Let's calculate the value of the expression $\tan^2(210^\circ) + \tan^2(120^\circ) + \tan(135^\circ)$.

First, note that the tangent function has a periodicity of $180^\circ$, which means that $\tan(180^\circ + \theta) = \tan(\theta)$ for any angle $\theta$.
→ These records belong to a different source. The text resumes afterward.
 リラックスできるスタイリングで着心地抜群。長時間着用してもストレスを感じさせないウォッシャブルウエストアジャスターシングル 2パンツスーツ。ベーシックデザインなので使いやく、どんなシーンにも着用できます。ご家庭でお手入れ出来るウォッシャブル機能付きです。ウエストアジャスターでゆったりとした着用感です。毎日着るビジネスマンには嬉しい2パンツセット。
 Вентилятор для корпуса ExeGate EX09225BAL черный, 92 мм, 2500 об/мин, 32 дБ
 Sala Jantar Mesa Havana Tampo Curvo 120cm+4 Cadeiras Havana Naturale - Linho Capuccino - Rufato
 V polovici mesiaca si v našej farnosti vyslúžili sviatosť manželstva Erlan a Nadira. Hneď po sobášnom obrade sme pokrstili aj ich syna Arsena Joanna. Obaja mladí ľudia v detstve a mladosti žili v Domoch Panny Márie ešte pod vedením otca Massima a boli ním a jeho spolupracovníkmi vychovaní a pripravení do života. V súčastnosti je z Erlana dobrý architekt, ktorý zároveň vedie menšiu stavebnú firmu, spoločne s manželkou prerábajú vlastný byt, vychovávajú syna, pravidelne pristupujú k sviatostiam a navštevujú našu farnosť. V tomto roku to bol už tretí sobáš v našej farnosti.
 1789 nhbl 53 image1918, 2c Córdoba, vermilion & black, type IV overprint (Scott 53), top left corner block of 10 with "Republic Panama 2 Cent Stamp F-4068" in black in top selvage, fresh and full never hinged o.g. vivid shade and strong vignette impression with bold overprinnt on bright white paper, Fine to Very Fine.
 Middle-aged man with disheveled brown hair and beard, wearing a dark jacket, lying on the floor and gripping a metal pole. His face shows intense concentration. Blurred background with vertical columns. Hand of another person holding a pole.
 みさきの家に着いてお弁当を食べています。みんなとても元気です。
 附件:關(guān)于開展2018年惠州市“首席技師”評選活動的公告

So, let's simplify each term:

1. $\tan^2(210^\circ)$: We can rewrite $210^\circ$ as $210^\circ = 180^\circ + 30^\circ$. Since the tangent function has a periodicity of $180^\circ$, we can write: $\tan(210^\circ) = \tan(30^\circ)$

   Now, $\tan(30^\circ) = \frac{1}{\sqrt{3}}$, so: $\tan^2(210^\circ) = \left(\frac{1}{\sqrt{3}}\right)^2 = \frac{1}{3}$

2. $\tan^2(120^\circ)$: Similarly, we can rewrite $120^\circ$ as $120^\circ = 180^\circ - 60^\circ$, and since the tangent function has a periodicity of $180^\circ$, we can write: $\tan(120^\circ) = \tan(-60^\circ)$

   Now, $\tan(-60^\circ) = -\frac{\sqrt{3}}{3}$, so: $\tan^2(120^\circ) = \left(-\frac{\sqrt{3}}{3}\right)^2 = \frac{3}{3} = 1$

3. $\tan(135^\circ)$: The tangent of $135^\circ$ is equal to $-1$.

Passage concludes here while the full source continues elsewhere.